> **GIVEN DATA**:
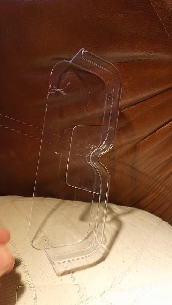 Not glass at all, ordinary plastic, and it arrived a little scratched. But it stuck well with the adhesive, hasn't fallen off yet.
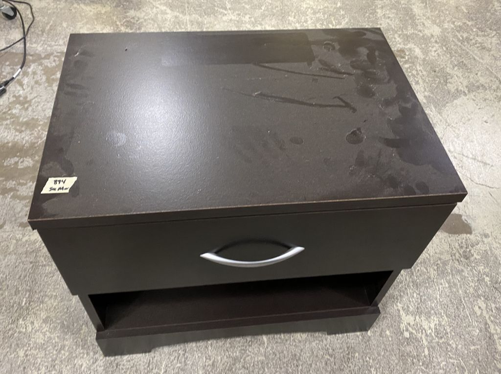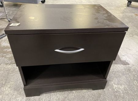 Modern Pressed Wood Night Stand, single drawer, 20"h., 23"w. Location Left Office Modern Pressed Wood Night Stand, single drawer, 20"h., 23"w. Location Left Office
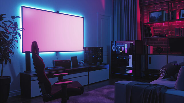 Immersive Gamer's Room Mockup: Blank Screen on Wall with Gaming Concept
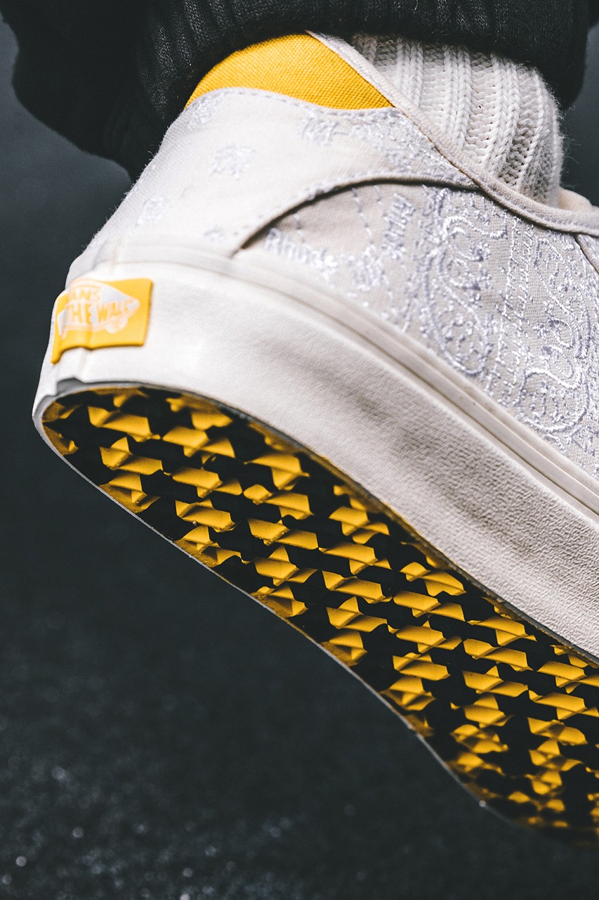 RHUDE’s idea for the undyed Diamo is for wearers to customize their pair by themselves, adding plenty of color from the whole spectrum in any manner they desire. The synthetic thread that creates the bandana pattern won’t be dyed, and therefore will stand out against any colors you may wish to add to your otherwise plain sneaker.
...
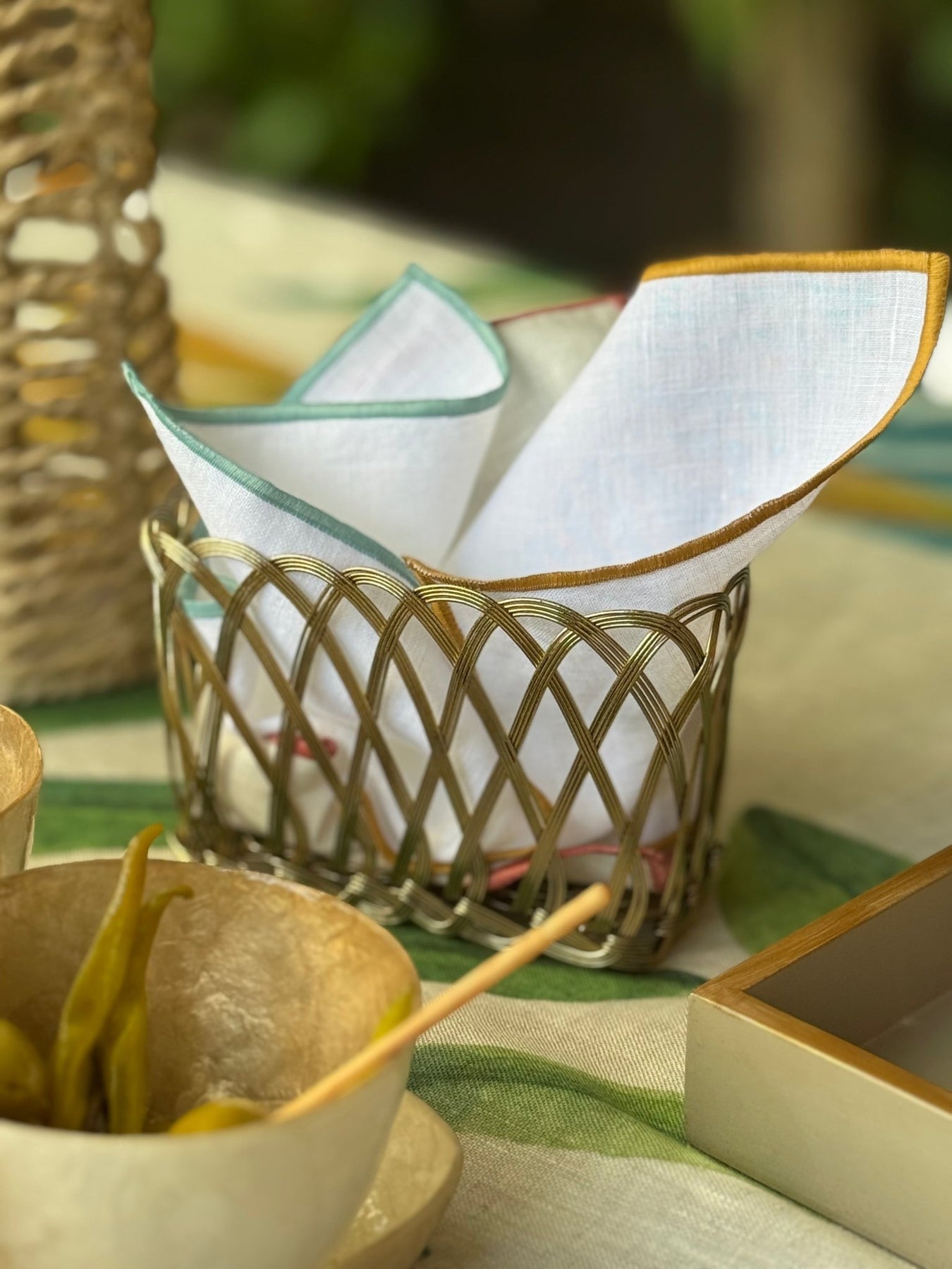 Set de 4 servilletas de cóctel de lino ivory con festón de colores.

> **PROBLEM**:
Start at the line above containing "Immersive Gamer's Room" and stop at the line containing "RHUDE’s idea for": print those lines and everything between them exactly, but not the pictures.

> **OUTPUT**:
 Immersive Gamer's Room Mockup: Blank Screen on Wall with Gaming Concept
 RHUDE’s idea for the undyed Diamo is for wearers to customize their pair by themselves, adding plenty of color from the whole spectrum in any manner they desire. The synthetic thread that creates the bandana pattern won’t be dyed, and therefore will stand out against any colors you may wish to add to your otherwise plain sneaker.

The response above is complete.